# Addiction Kangaroo?



## k9capture_16 (Aug 23, 2010)

I was at the pet store and bought Ruby a small bag of this formula. Is it a good one to add to her rotation? I was cheap and its a product of Australia. She LOVES the food and its hard to get her to love any kibble.

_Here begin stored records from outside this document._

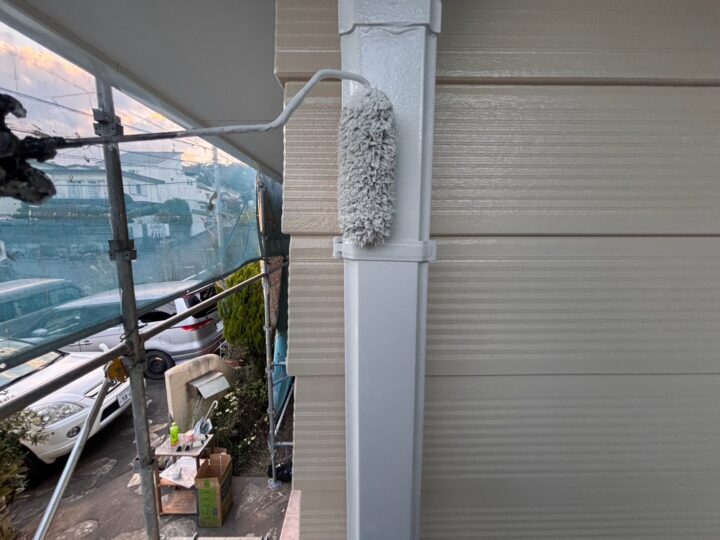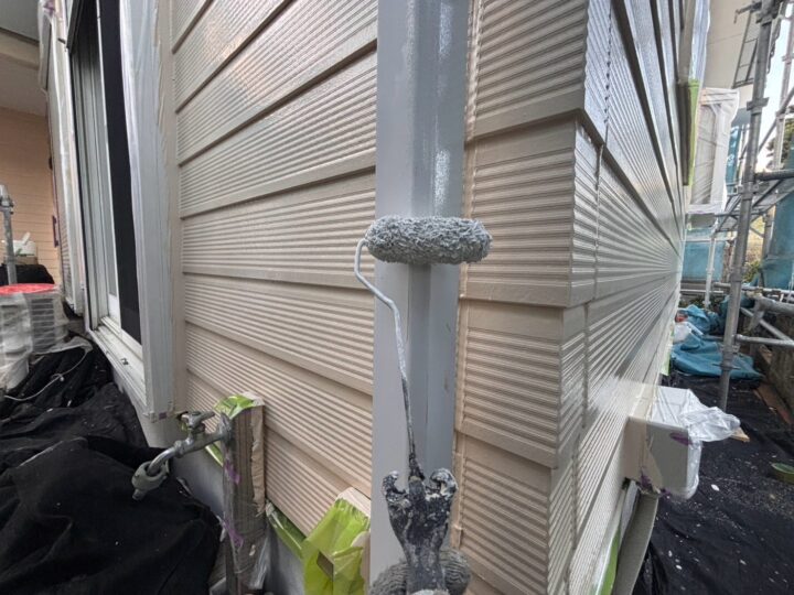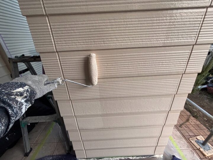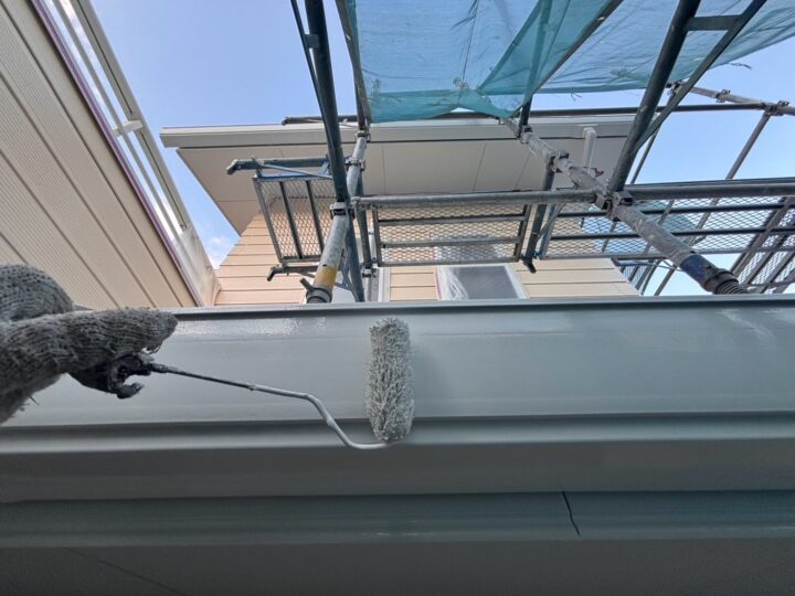 さらに上塗りします。外壁の見た目が美しくなっただけではなく、3回塗りを経て十分に厚みのある塗装の膜が形成されます。
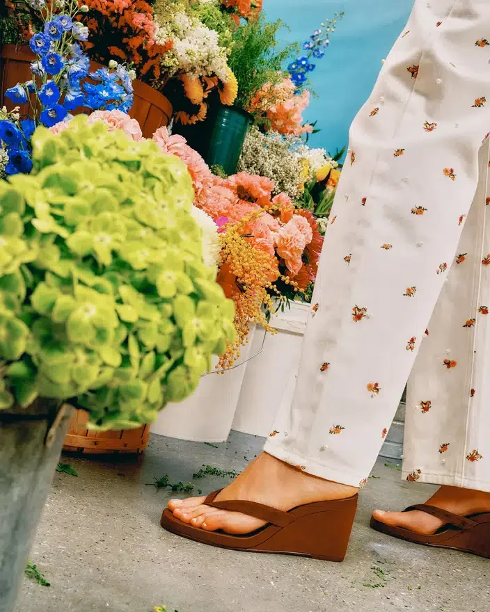 Elevate Your Summer Wardrobe with the Playing Wedge Sandal. Featuring a Sleek Thong Design and a Comfortable Rounded Toe, This Mule-Style Sandal Offers Both Style and Ease. The Wedge Provides Subtle Lift and Stability, Making It Perfect for All-Day Wear. This Sandal Combines Sophistication with Versatility for Effortless Pairing with Casual or Dressy Outfits.
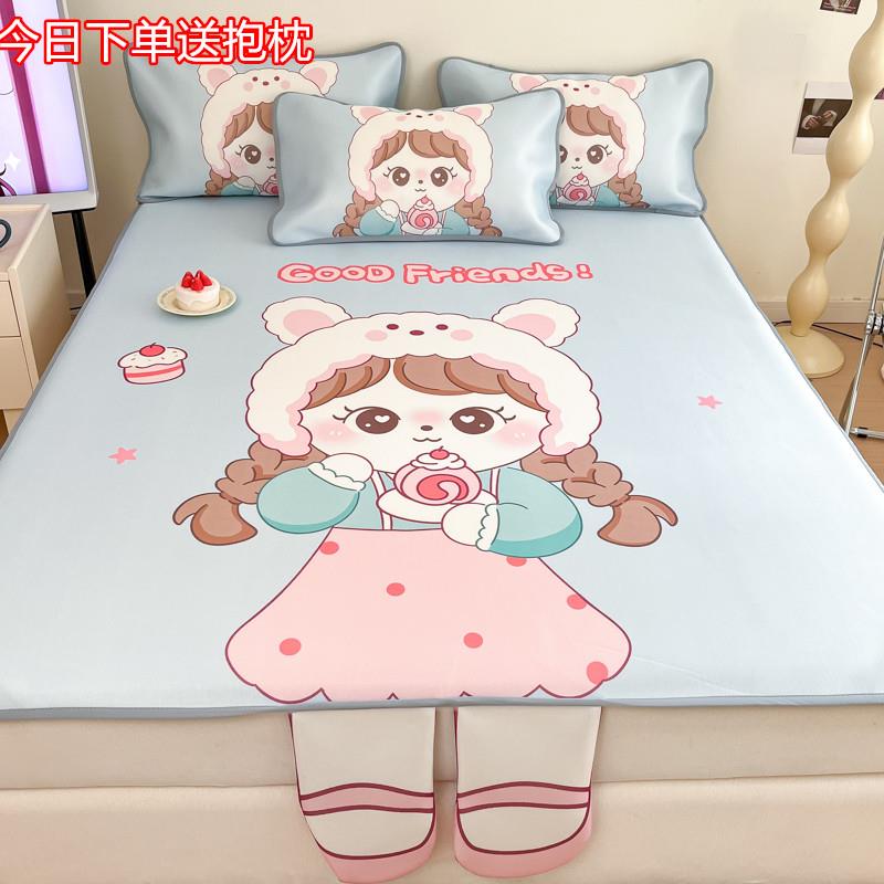 卡通夏季碳光冰丝席三件套可爱少女心儿童可机洗空调席单人宿舍席
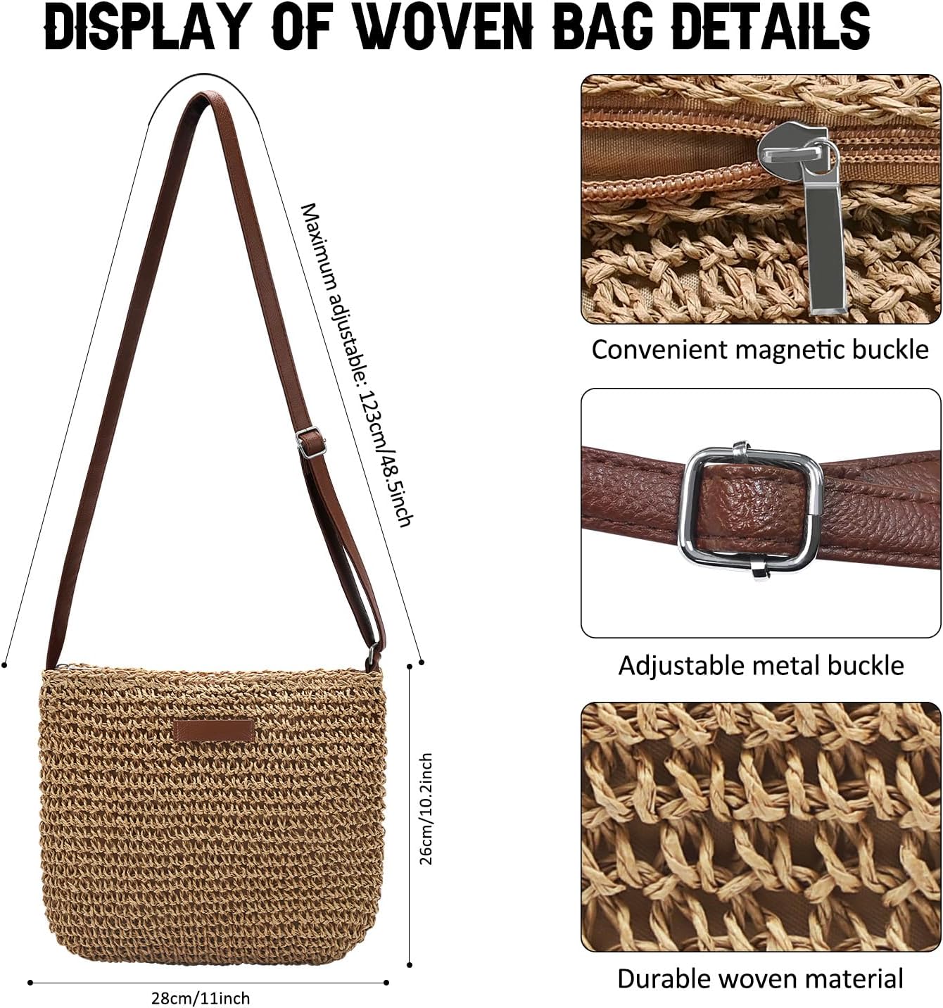 Straw crossbody baggage for ladies completely sized to accommodate necessities like cellphones, wallets, sun shades, cosmetics, folding umbrellas, and extra, with out being too cumbersome.

Dried Kangaroo Meat, Oats, Rice, Yeast, Canola Oil, Peas, Apples, Salt, Taurine, Garlic, Natural Antioxidants, Choline Chloride, Amino Acids (Leucine, Phenylalanine-Tyrosine, Arginine, Valine, Lysine, Phenylalanine, Threonine, Isoleucine, Methionine-Cystine, Histidine, Methionine, Tryptophan, Cystine), Vitamins & Minerals (Choline, Thiamine B1, Pyridoxine B6, Riboflavin B2, Folic Acid, Vitamin B12, Vitamin A, Vitamin D, Vitamin E, Vitamin K, Pantothenic Acid B5, Niacin B3, Vitamin C, Biotin, Iodine, Selenium, Zinc, Copper, Iron, Manganese, Calcium, Phosphorus, Sodium, Dicalcium Phosphate and Calcium Carbonate)


----------



## Caty M (Aug 13, 2010)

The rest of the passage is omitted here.